Target Name: NPS
NCBI ID: G594857
Review Report on NPS Target / Biomarker Content of Review Report on NPS Target / Biomarker
NPS
Other Name(s): NPS_HUMAN | neuropeptide S | Neuropeptide S | prepro-neuropeptide S

NPS: A Protein with Potential Drug-Like Properties

NPS (N-Acetyl-L-Glutamate), also known as N-acetyl-L-glutamate (NALG), is a protein that is expressed in various tissues throughout the body. It is a key regulator of cellular processes, including cell signaling, neurotransmission, and stress response. NPS has also been shown to have a range of potential drug-like properties, including its ability to interact with various drug molecules and its role in modulating cellular responses to therapeutic treatments.

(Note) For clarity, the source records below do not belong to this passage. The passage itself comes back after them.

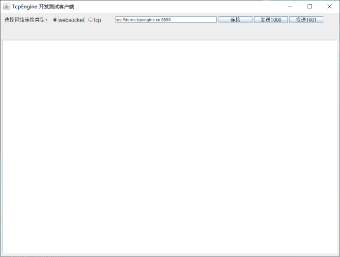 解压后在TcpEngine1.3.0\demo\TcpEngineClient目标下有两个文件startupClient.bat;TcpEngineClient.jar,双击startupClient.bat(注意,运行前本机必须配置好java运行环境,本示例是在java1.8下开发的),示例主界面如下图所示。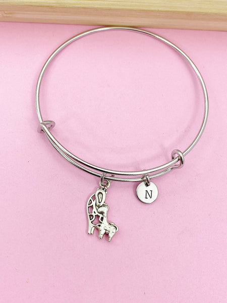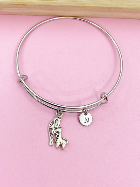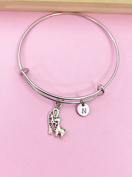 This is a silver-tone mother and baby giraffe charm with hand stamped initial charm on stainless steel bracelet bangle.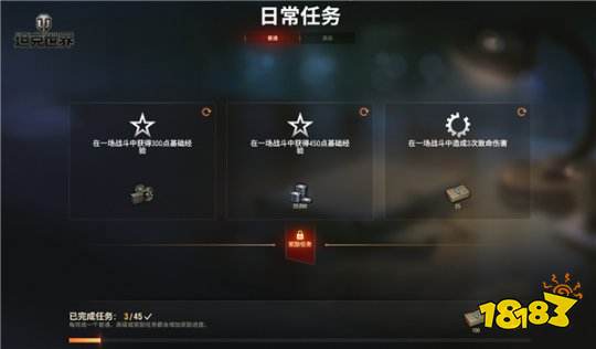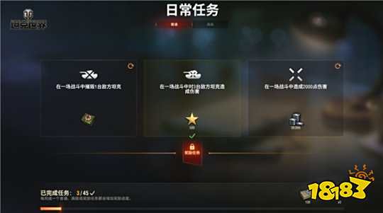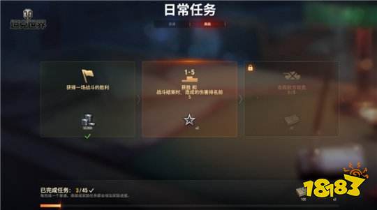 指挥官们可前往车库中的日常任务页查看三个战斗任务的目标和完成情况。这些任务共分为I级、II级和III级,难度依次递增,您可以在任务页查看达成目标的具体条件,并允许在战斗中同时完成这三个任务或累积TA们的进度。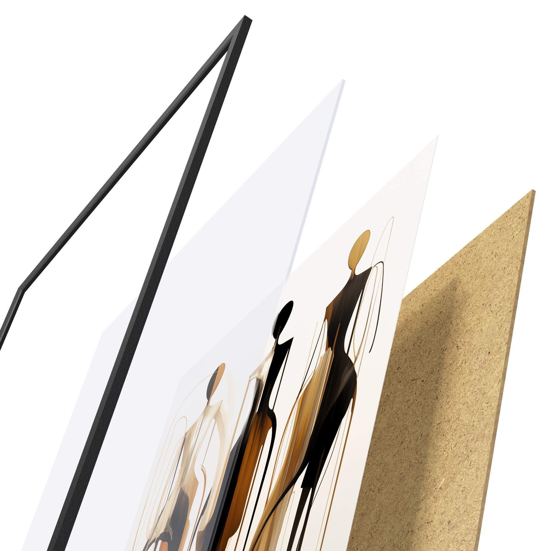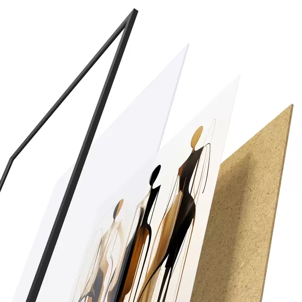Plakatą sudaro rėmas, pleksiklas, atspausdintas vaizdas ir medžio drožlių plokštės pagrindas. Plakatą galima iš karto pakabinti ant sienos dėl kitoje pusėje esančių laikiklių.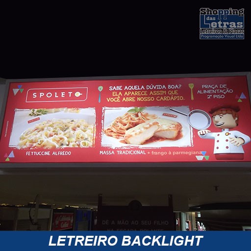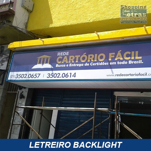 Letreiros tipo back light ( luz Externa ) confeccionado em estrutura metálico de metalon 20×20, 30×20, revestido de chapa galvanizada bitola 26, face de lona branca translucida da 3M com impressão digital de alta resolução com 16 passadas ou adesivos vinil de recorte eletrônico trânslúcido ( plotter ) iluminação a base de lampadas Fluorescentes, com reatores duplo de partida rápida ou led´s. caixa e acabamento pintado com tinta automotiva.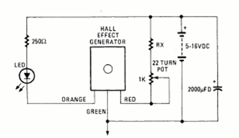 Este detector muy simple utiliza un sensor Hall con un péndulo con un imán, lo que hace que se encienda un LED en caso de vibraciones. El circuito es de un Electronics Experimenter Handbook – Special projects de 1983.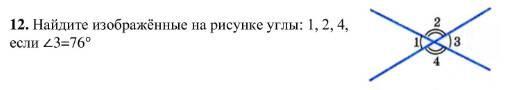 Ответ: угол 1 = 76 градусов, угол 2 = 104 градусов, угол 3 = 76 градусов, угол 4 = 104 градусов.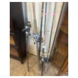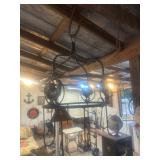APPLIANCES* 2 Metal Hanging Multi Light Fixtures, Double Foot Raise Trash Can, Pair of Porch Lights, Turkey Pot w/Burner, Western Custom Floor Lamp, Assorted Wall Clocks, Lasko Fan, Barn Lantern,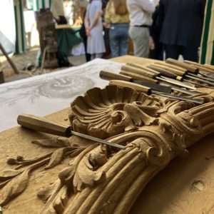 Les visiteurs ont ainsi eu l’opportunité unique de voir les sculpteurs à l’œuvre en train de sculpter une traverse de style Louis XV et ainsi de découvrir les outils spécifiques utilisés et d’observer les mouvements minutieux nécessaires pour donner vie à cette réalisation.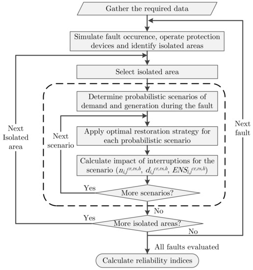 The first step to assess reliability is to gather all the required data (it is assumed that data are robust and reliable). Then, the impact of each component failure is evaluated, and this starts by simulating the operation of the protection devices and by identifying the isolated areas created [31]. For each isolated area, probabilistic scenarios for demand and generation are defined over a year (more details in Section 4). After that, the adequacy of generation and demand is assessed for each defined scenario. The procedure described in Section 5 is used to model the optimal restoration and to determine the impact of the interruptions. Finally, the reliability indices are calculated.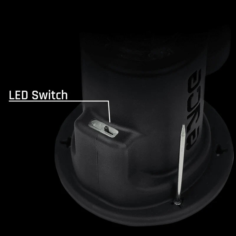 Introducing the Eyce Spark glass rig, the premier product of the Eyce ProTeck™ Glass Series. The Eyce Spark is an all glass piece backed by the protective silicone ProTeck™ sleeve. Each Spark comes equipped with a battery powered white LED light, concentrate bucket, flower bowl, steel poker, tool holders, and hidden storage. Additional LED colors are available with the purchase of the Eyce LED Expansion Pack. The LED Expansion Pack includes 5 LED lights - red, green, purple, white, and disco - a strobing party light.

In addition to its potential as a drug target, NPS has also been identified as a potential biomarker for various diseases, including cancer, neurodegenerative diseases, and cardiovascular diseases. Its role in these diseases, as well as its potential utility as a drug or biomarker, has made it an attractive target for researchers to investigate further.

One of the key mechanisms by which NPS functions is its role in modulating the levels of intracellular signaling molecules, such as neurotransmitters and cytokines. NPS has been shown to interact with a variety of neurotransmitters, including dopamine, serotonin, and endothelial nitric oxide (NO), among others. These interactions play a crucial role in modulating cellular responses to various stimuli and environmental factors.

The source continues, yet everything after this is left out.